Appropriate correction is required. 



Claim Rejections - 35 USC § 101 

4. 35 U.S.C. 101 reads as follows: 

Whoever invents or discovers any new and useful process, machine, manufacture, or composition of 
matter, or any new and useful improvement thereof, may obtain a patent therefor, subject to the 
conditions and requirements of this title. 

5. Claims 37 and 38 are rejected under 35 U.S.C. 101 because the claimed 
invention is directed to non-statutory subject matter. 

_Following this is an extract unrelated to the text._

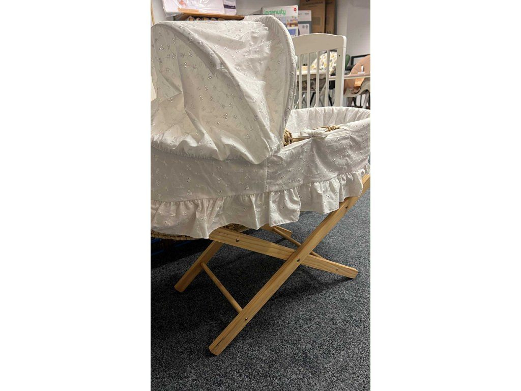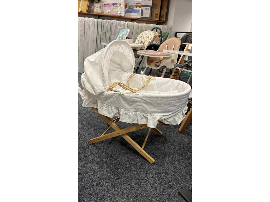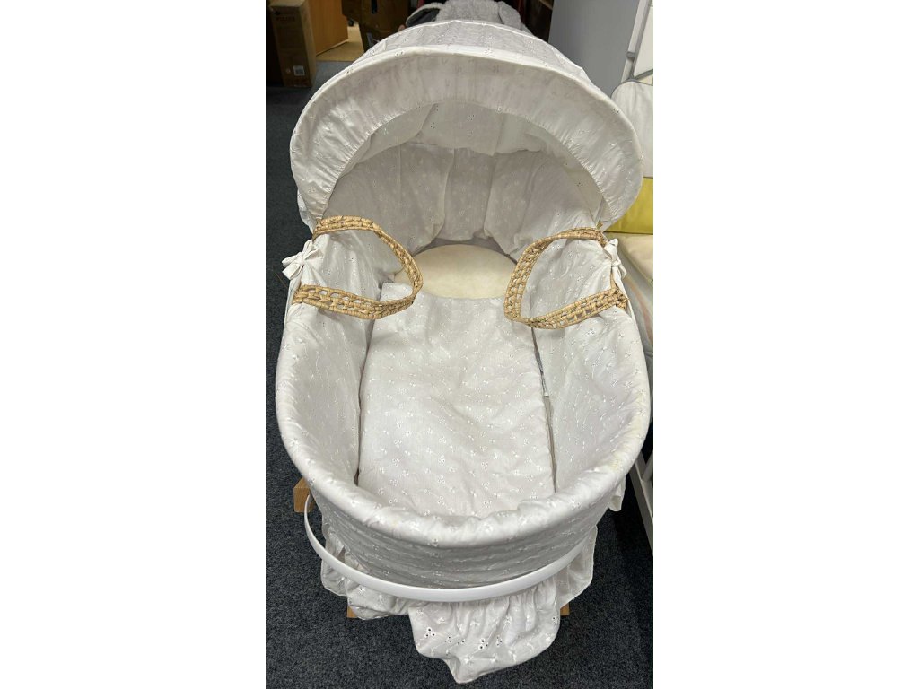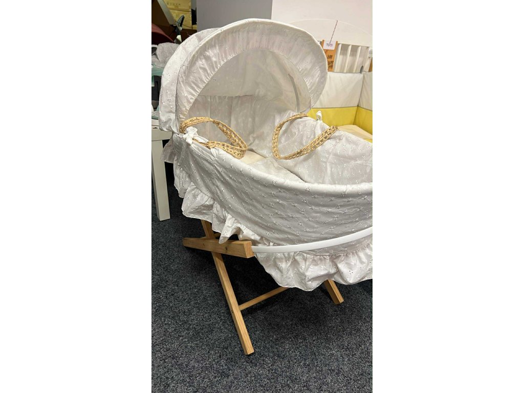 Mojžíšův koš pletený z přírodní trávy, ucha na přenášení, matrace, peřinka
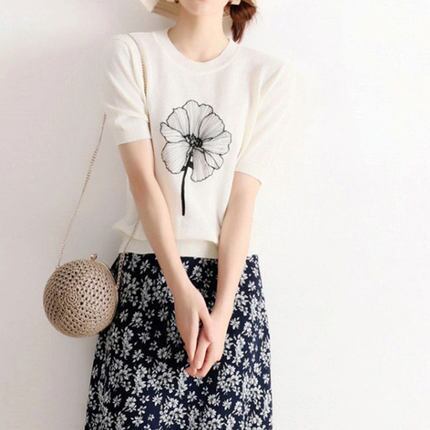レディース トップス カットソー ニット 袖あり 半袖 ラウンドネック スリム サマーニット かわいい 大人可愛い カジュアル 大人 おしゃれ お洒落 大人女子 こなれ感 キュート ガーリー S M L XL ベージュ 花柄 プリント 春 夏 10代 20代 30代 40代 女性用 デート お出かけ 休日 旅行 普段使い ファッション コーデ スタイル 送料無料 | Rena 韓国ファッション レディースアパレル

Independent claims 37 and 38 are directed to non-statutory subject matter 
because they set forth a computer program without being recorded in a computer- 
readable medium. The USPTO takes the position that computer programs, perse, 
represent non-statutory subject matter. Applicant should amend independent claims 37 
and 38 to include a computer-readable medium having program instructions for storing 
a computer program. 



Claim Rejections - 35 USC § 102 

6. The following is a quotation of the appropriate paragraphs of 35 U.S.C. 1 02 that 
form the basis for the rejections under this section made in this Office action: 

A person shall be entitled to a patent unless - 

(a) the invention was known or used by others in this country, or patented or described in a printed 
publication in this or a foreign country, before the invention thereof by the applicant for a patent.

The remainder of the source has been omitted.